Those of you who grew up in small Towns across Texas and the USA will immediately empathize with Stephen who is starting his blog called The Flighty Texan.  You will need to go to his blog and see what he writes there.  He named his blog The Flighty Texan and I’ll let him explain how he came up with the catchy title.  That title would fit a lot of us here in the blogosphere.

But back to his essay.  He starts off by explaining the isolation of small towns back in his growing up days.  He also points out that he now realizes the isolation of small town Texas was a ‘blessing’ of major proportions.  He states, “I look back and realize just how great a town it really was and how fortunate I was to begin life blanketed with its simple style.”

Wow!  How true is that?

I believe I have figured out just about where Stephen grew up and I won’t give that away, but it could have been anywhere from Dumas to Dripping Springs and that covers a lot of territory.  And just because he grew up in one of the smaller towns in Texas doesn’t mean his essay won’t touch others who grew up in more urban areas or on the outskirts of some of our major cities.

Fact is….the world has changed.  A lot.

Here is Stephen’s essay.

Death of the small town

Stephan Dueboay, Sr

© July, 2010

I grew up in a small Texas town just on the outskirts of the middle of nowhere.

Although I didn’t realize it at the time, being isolated there was a blessing that is daily oh-so-obvious as an adult. As a young boy, I thought my hometown would eventually die a slow, painful death because of its unwillingness to move forward. Now I look back and realize just how great a town it really was and how fortunate I was to begin life blanketed with its simple style.

I was aware of another world just past the county line because of the 6 o’clock news and the fuzzy and static-laden voices that verified its existence on my transistor radio. Those broadcasts and fleeting receptions helped my mind’s eye create the vision of what I thought life might be like in the big cities of Dallas and Fort Worth.

Riding bicycles unaccompanied by an adult from sunup until sundown all over the county was quite normal then.
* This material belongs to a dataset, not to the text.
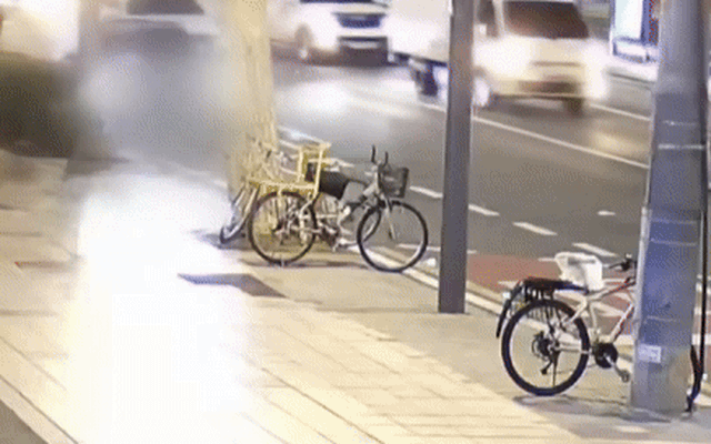 Cú va chạm mạnh đã làm hư hỏng 1 phần cột điện và khiến loạt xe đạp đang dựng trên vỉa hè bị đổ, đồng thời không gây ra thiệt hại về người.

My mother’s only requirement as I pedaled out of the yard and pretended not to hear, was the stern and non-negotiable command of “you had better be in this house when that street light goes on.” And that came out of her concern more for my getting into bed at a decent hour and not so much for my safety.

My friends and I would spend hours scouring ditches through  neck-high Johnson grass  beyond the shoulders of the road and behind restaurants and gas stations searching for the glistening glass drink bottles that we would redeem at the local grocery store for a pocket full of shiny nickels. That was a dependable source of income for an 11-year-old boy not satisfied with the fifty cents allowance I received each Saturday morning.

Kick the can, riding bicycles without helmets and cooling off in a friends tank, never dwelling on the snapping turtles and snakes that swarmed just below the surface of the muddy water, were all rights of passage for young boys chasing down manhood along those dusty back roads.

With only a single movie available and playing for the fifth Saturday night in a row at the theater, cruising the mile-and-a-half, well-worn main drag endlessly was the weekend entertainment.

We were on a first-name basis with the local policemen who would creep slowly behind us in their cruisers while we parked on the square under cover of night. It was almost like an episode of Mayberry, RFD — Andy Griffin and Barney Fife tending their civic duties by ensuring that the children of local residents weren’t involved in something that would get them hurt or in trouble.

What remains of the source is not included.